訓練mnist，不同的資料輸入格式，同樣的模型，結果相差巨大。是什么原因？-有解無憂

我是在學習《TensorFlow：實戰Google深度學習框架》中遇到這個問題。

方法一（簡稱占位符法）：在第五章有一個用全連接神經網路訓練Mnist資料集的代碼，用到了學習率遞減，正則化以及取滑動平均值的優化方法，這里用mnist.train.next_batch獲取資料輸入占位符。
方法二（簡稱迭代器法）：然后我將mnist的train資料和test轉成TFRecord檔案，再用迭代器進行獲取，再用和上面同樣的訓練模型。
結果相差非常大。如下圖：

可以看出學習速率在0.8時，兩種方法有巨大的差異。用迭代器法直接就是失敗結果。我以為是我粗心敲錯了代碼，檢查后發現是學習速率太大了，調到0.01會得到較好的結果。但是同樣占位符法用相同的模型卻能達到96%的正確率。我非常困惑。我覺得可能是轉完資料改變了什么。我試過將所有的weight和bias調整seed=1，也不打亂迭代器法中挑選batch中的順序，還將mnist.train.next_batch(BATCH_SIZE,shuffle=False)中打亂順序調成False。而即使是這樣兩種方法出來的資料都是不同的（即取出順序不同）。這對我核對資料帶來很大的困擾。。。。求大神救救我！！！兩種方法為什么會出現這么大的區別。

方法一（占位符法）代碼如下：

import tensorflow as tf

from tensorflow.examples.tutorials.mnist import input_data



#MNIST資料集相關常數

INPUT_NODE = 784

OUTPUT_NODE = 10



#配置神經網路的引數

LAYER1_NODE = 500                   #隱藏層第一層神經元設為五百個

BATCH_SIZE = 100



LEANING_RATE_BASE = 0.8                #基礎學習率

LEARNING_RATE_DECAY = 0.99          #學習率的衰減率

REGULARIZATION_RATE = 0.001         #正則化速率

TRAINING_STEPS = 1100              #訓練輪數





#一個輔助函式，給定神經網路輸入的引數，計算向前傳播結果

def inference(input_tensor, weights1, biases1, weights2, biases2):

    #這里用了relu激活函式

    layer1 = tf.nn.relu(tf.matmul(input_tensor,weights1)+biases1)

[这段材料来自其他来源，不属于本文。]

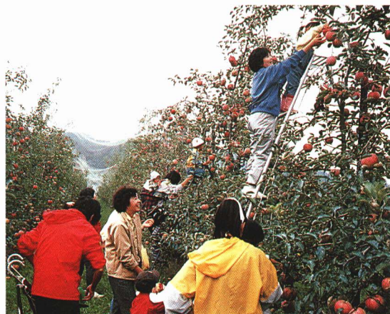
しゅう かく 収 穫

町では、米以外にも野菜やくだものづくりに力を入れています。また、町ではしいたけ工場など新しい農業のスタイルも目指しています。将来農業をやりたい、農家の跡どりとして家を継ぎたい、そんな子どもたちが増えてほしいものです。

    #回傳輸出層這里沒用激活函式,因為后面會用softmax

    return tf.matmul(layer1,weights2)+biases2





#模擬訓練程序

def train(mnist):

    x=tf.placeholder(tf.float32,[None,INPUT_NODE],name='x-input')

    y_=tf.placeholder(tf.float32,[None,OUTPUT_NODE],name='y-input')



    #生成隱藏層引數

    weight1 = tf.Variable(tf.truncated_normal([INPUT_NODE,LAYER1_NODE],stddev= 0.1,seed=1))

    biases1 = tf.Variable(tf.constant(0.1,shape=[LAYER1_NODE]))

    #生成輸出層引數

    weight2 = tf.Variable(tf.truncated_normal([LAYER1_NODE,OUTPUT_NODE],stddev= 0.1,seed=1))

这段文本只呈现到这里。